== Required action ==
Apart from the pictures, the listing is to be returned exactly.

== Exercise data ==
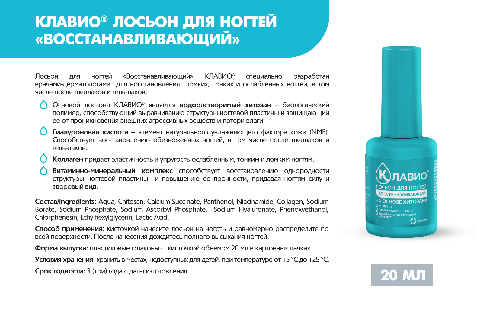 Клавио Лосьон д/ногтей восстанавливающий на основе хитозана 20мл
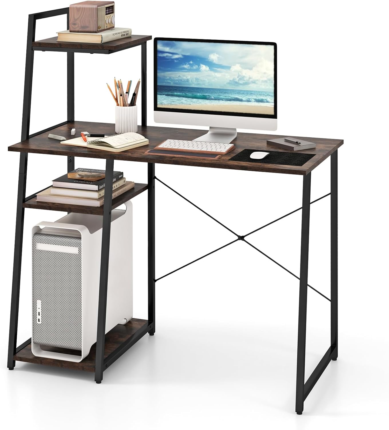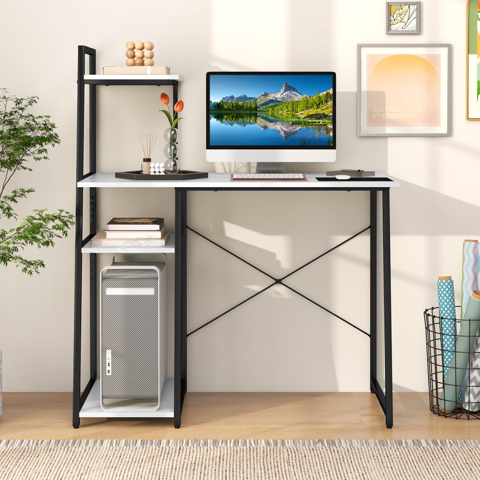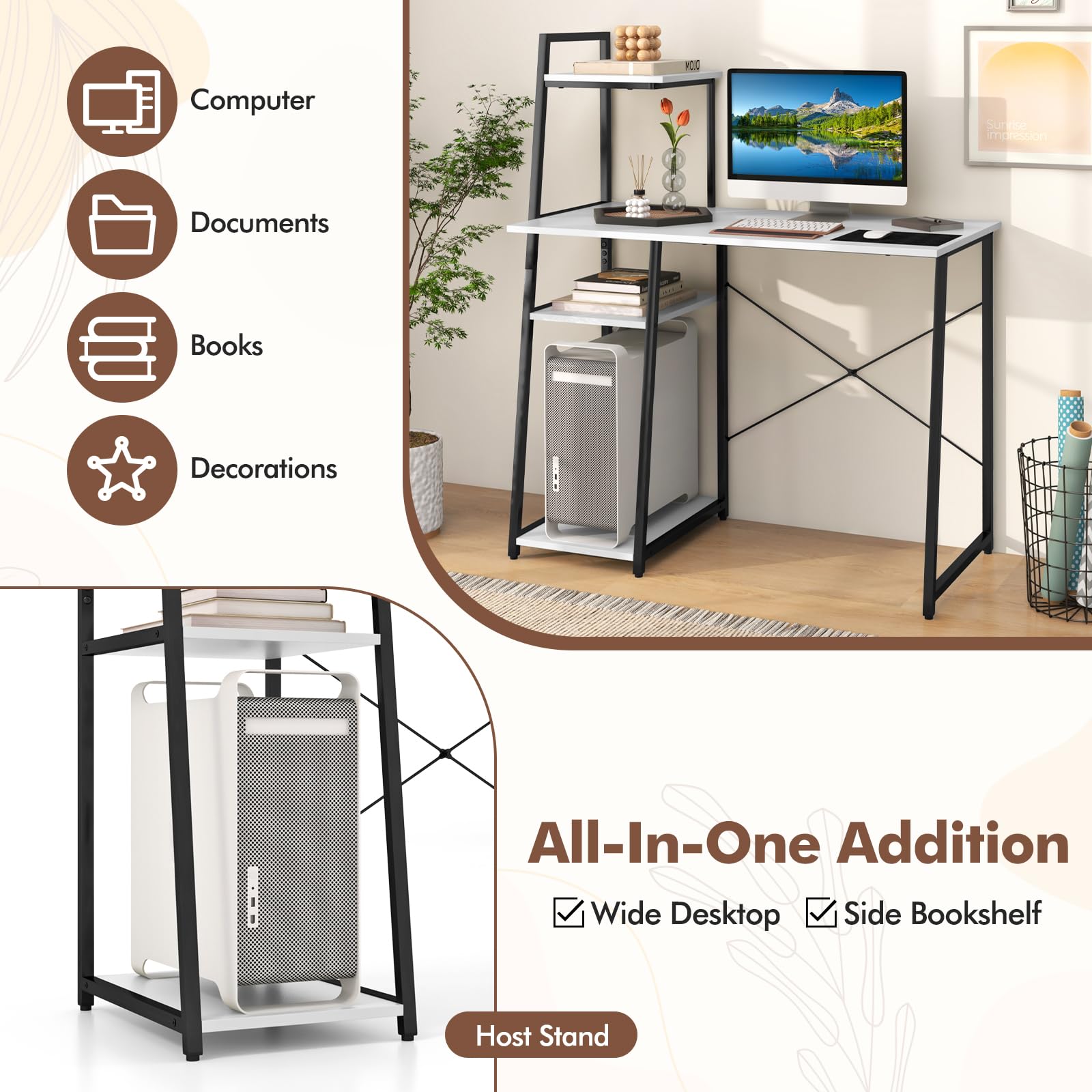 - [More Storage Space]: The study writing desk features a spacious side bookshelf with an anti-falling baffle to safely stash your books. Coupled with a host stand, this desk ensures your essential computing equipment is secured and accessible.
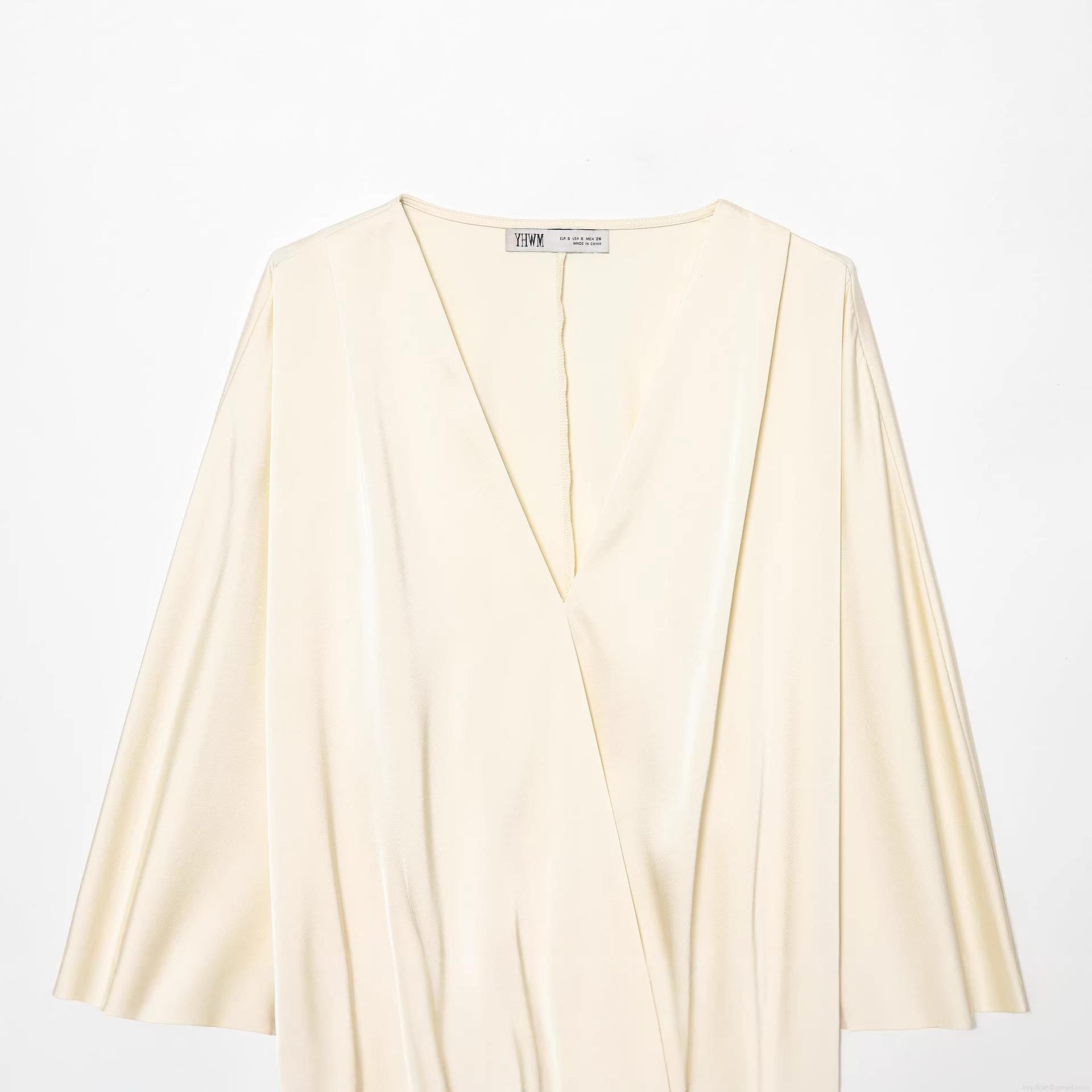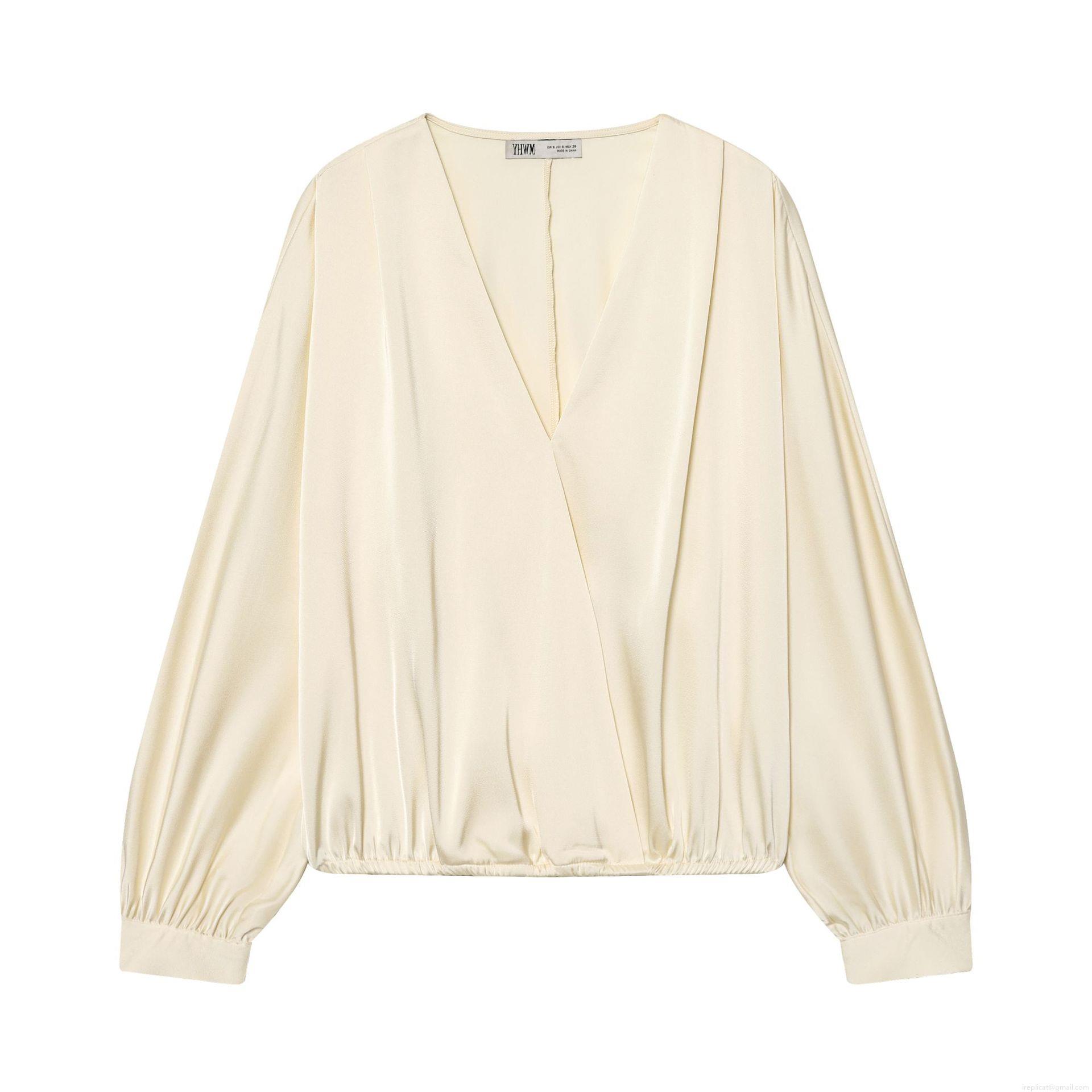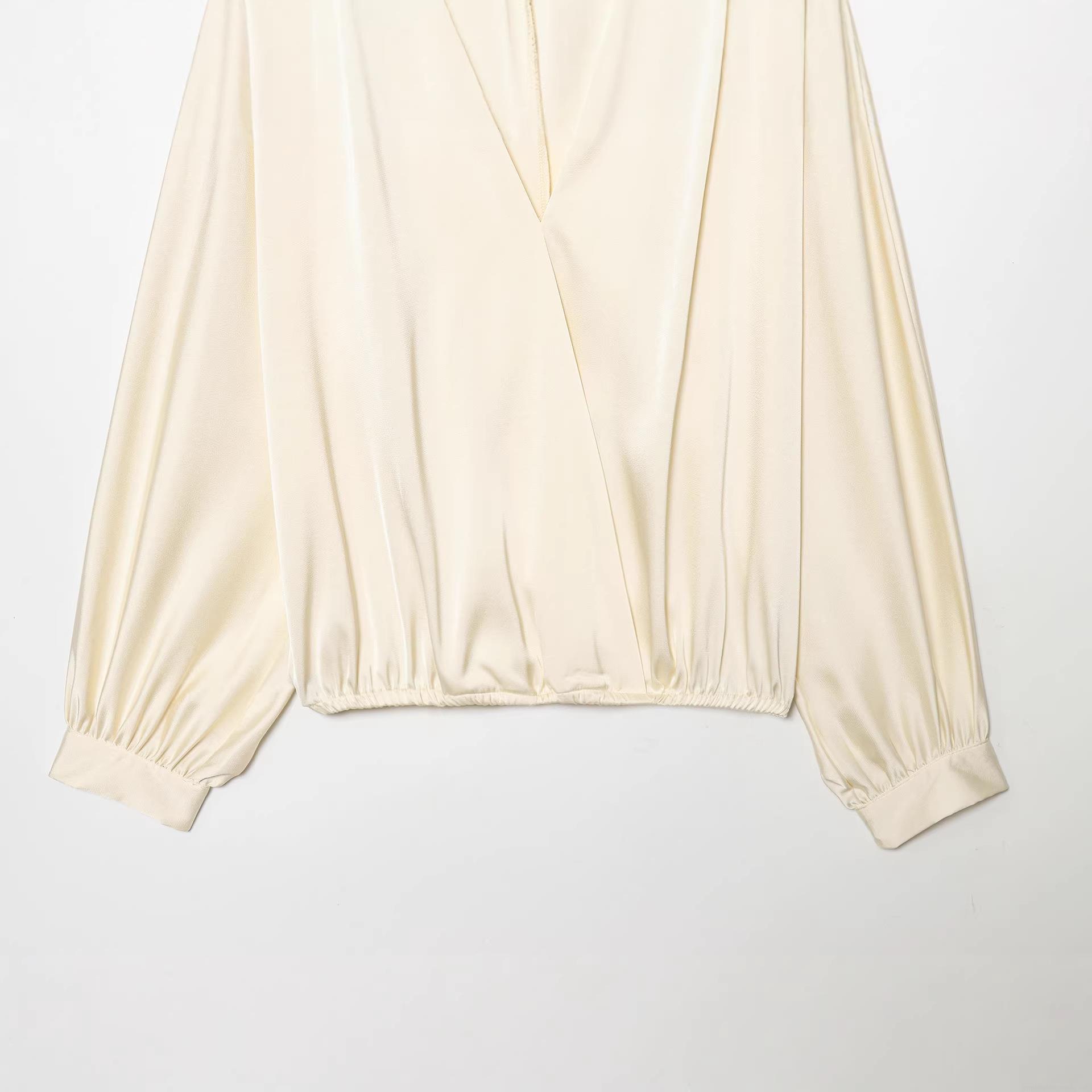• Elegant Satin Women's Blouse V-Neck Wrap Cross Over Long Sleeve Shirt Champagne Silky Smooth Lightweight Top For Casual Party Office Lady Fashion

== Result below ==
 Клавио Лосьон д/ногтей восстанавливающий на основе хитозана 20мл
 - [More Storage Space]: The study writing desk features a spacious side bookshelf with an anti-falling baffle to safely stash your books. Coupled with a host stand, this desk ensures your essential computing equipment is secured and accessible.
• Elegant Satin Women's Blouse V-Neck Wrap Cross Over Long Sleeve Shirt Champagne Silky Smooth Lightweight Top For Casual Party Office Lady Fashion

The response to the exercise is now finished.